The Fort Myers International Airport (RSW) is served by numerous airlines with direct flights to and from most major cities in the U.S. However, demand for seats in January is quite high, so be sure to make reservations at your earliest opportunity.

Participants receive a bound manual containing detailed lecture notes (with equations and graphics), examples of computer printout, and many other useful features. This book frees participants from the distracting task of note taking. 


Registration and lodging

The fee of $995.00 includes all seminar materials.

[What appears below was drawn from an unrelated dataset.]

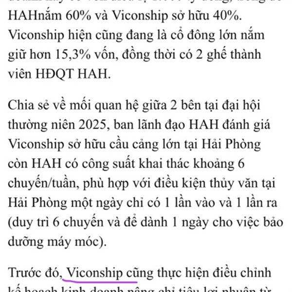 VSC là case bị thị trường đánh giá sai. Thực tế lợi nhuận của VSC bền vững đến từ các cảng biển lớn và đội tàu vận tải liên kết cùng HAH. VSC đã đóng 2 tàu thuộc sở hữu của VSC. Dự án khu công nghiệp ...Thêm

Lodging Reservation Instructions

Three hotels are recommended: 

Please make your own reservations at the Courtyard or the Residence Inn. For the Hilton Garden, we have arranged a special rate of $149 per night. To get this rate, call 239-210-7200 during business hours and use group code “STAT.” The room block will expire when it is full or on Tuesday, December 22, 2015.


SEMINAR OUTLINE 

1. Opportunities and challenges of panel data.
        a. Data requirements
        b. Control for unobservables
        c. Determining causal order
        e. Problem of dependence
        d. Software considerations

2. Linear models
        a. Robust standard errors
        b. Generalized estimating equations
        c. Random effects models
        d. Fixed effects models
        e. Hybrid models

3. Logistic regression models
       a. Robust standard errors
       b. Generalized estimating equations
       c. Subject-specific vs. population averaged methods
       d. Random effects models
       e. Fixed effects models
       f. Hybrid models

4. Linear structural equation models
     a. Fixed and random effects in the SEM context
     b. Models for reciprocal causation with lagged effects


RECENT COMMENTS FROM PARTICIPANTS

“The course provided a fantastic overview to understanding modeling panel data. I have no doubt it will be invaluable to my future research. I would highly recommend the course to anyone interested in pursuing research using panel data.”
  Karina Salazar, The University of Arizona

“I was grateful for the clear, organized way Dr. Allison presented complex ideas and techniques – once I felt confident in the first material presented, more complex applications were easy to understand and implement. I feel confident about applying those techniques to my own projects after completing this course. It was a large-scale payoff for a small investment in time.”
  Mikaela Dufur, Brigham Young University 

“I appreciated the clarity of presentation and the take-home material. This will make it easy to translate what I’ve learned to my own questions and data.”
  Vivia McCutcheon, Washington University School of Medicine 

“Great overview of several methods to analyze longitudinal data. This was a great refresher and review for someone who has already had training in LDA methods and for someone new to the topic.”